Records provided
+++

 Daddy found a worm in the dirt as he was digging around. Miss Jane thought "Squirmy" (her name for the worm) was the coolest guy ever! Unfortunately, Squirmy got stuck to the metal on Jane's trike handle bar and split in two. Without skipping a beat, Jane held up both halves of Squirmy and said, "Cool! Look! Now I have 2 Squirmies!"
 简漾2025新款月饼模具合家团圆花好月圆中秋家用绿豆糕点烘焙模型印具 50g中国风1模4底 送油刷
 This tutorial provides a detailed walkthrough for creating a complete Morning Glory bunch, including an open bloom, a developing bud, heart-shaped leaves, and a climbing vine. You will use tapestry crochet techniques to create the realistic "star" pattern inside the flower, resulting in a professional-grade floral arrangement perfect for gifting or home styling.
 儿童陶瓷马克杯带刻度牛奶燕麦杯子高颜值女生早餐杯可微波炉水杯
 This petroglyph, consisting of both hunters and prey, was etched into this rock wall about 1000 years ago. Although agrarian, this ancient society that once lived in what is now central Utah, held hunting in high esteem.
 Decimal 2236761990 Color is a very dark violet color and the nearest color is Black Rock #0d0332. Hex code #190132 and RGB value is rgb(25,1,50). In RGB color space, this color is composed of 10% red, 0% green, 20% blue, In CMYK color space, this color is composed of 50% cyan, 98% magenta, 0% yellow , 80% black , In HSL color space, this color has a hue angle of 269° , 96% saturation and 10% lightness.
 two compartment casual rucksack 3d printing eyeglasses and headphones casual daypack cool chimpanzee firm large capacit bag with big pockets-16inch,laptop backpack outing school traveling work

+++

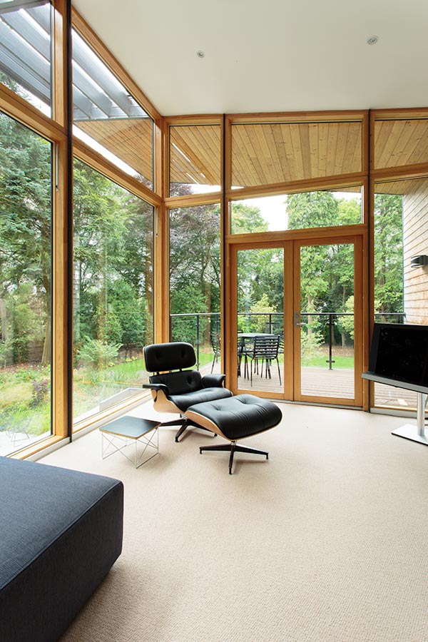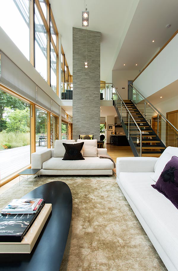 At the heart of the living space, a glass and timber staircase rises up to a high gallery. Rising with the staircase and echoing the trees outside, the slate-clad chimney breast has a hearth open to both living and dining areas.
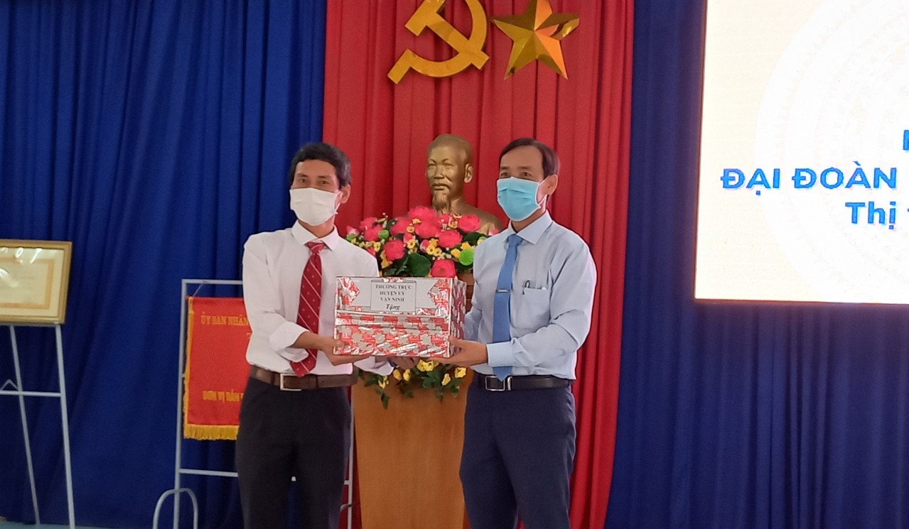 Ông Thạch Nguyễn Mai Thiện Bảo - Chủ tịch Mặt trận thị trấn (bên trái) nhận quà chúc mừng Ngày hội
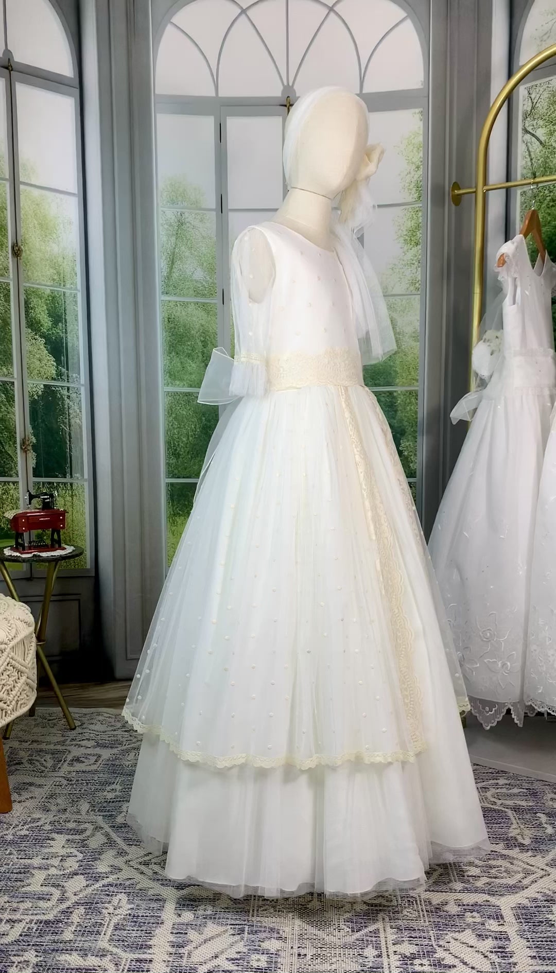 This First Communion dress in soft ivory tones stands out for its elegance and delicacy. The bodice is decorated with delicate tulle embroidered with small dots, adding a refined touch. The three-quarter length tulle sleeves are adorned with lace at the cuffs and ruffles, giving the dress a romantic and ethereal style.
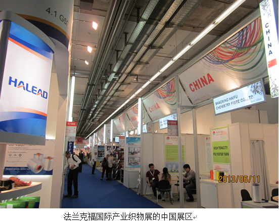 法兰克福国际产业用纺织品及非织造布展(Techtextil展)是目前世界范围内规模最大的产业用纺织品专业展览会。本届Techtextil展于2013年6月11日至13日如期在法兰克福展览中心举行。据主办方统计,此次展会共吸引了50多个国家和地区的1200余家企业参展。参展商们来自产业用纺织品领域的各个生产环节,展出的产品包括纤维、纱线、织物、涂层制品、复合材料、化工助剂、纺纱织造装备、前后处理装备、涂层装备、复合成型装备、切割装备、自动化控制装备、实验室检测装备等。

+++

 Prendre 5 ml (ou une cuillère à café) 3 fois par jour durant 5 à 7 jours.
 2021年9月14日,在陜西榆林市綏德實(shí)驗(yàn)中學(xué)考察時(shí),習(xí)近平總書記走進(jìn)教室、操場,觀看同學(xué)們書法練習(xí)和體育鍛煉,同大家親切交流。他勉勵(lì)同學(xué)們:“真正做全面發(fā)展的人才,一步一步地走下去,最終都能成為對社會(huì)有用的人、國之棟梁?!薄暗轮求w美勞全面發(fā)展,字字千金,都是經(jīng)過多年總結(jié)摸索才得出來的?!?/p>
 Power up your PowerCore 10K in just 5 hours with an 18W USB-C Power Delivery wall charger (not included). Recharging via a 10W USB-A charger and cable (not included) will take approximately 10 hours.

+++

What you have to do
What lines above run from the one with "At the heart" to the one with "This First Communion"? Give them again exactly, ends included, and leave the pictures out.

Answer to the exercise
 At the heart of the living space, a glass and timber staircase rises up to a high gallery. Rising with the staircase and echoing the trees outside, the slate-clad chimney breast has a hearth open to both living and dining areas.
 Ông Thạch Nguyễn Mai Thiện Bảo - Chủ tịch Mặt trận thị trấn (bên trái) nhận quà chúc mừng Ngày hội
 This First Communion dress in soft ivory tones stands out for its elegance and delicacy. The bodice is decorated with delicate tulle embroidered with small dots, adding a refined touch. The three-quarter length tulle sleeves are adorned with lace at the cuffs and ruffles, giving the dress a romantic and ethereal style.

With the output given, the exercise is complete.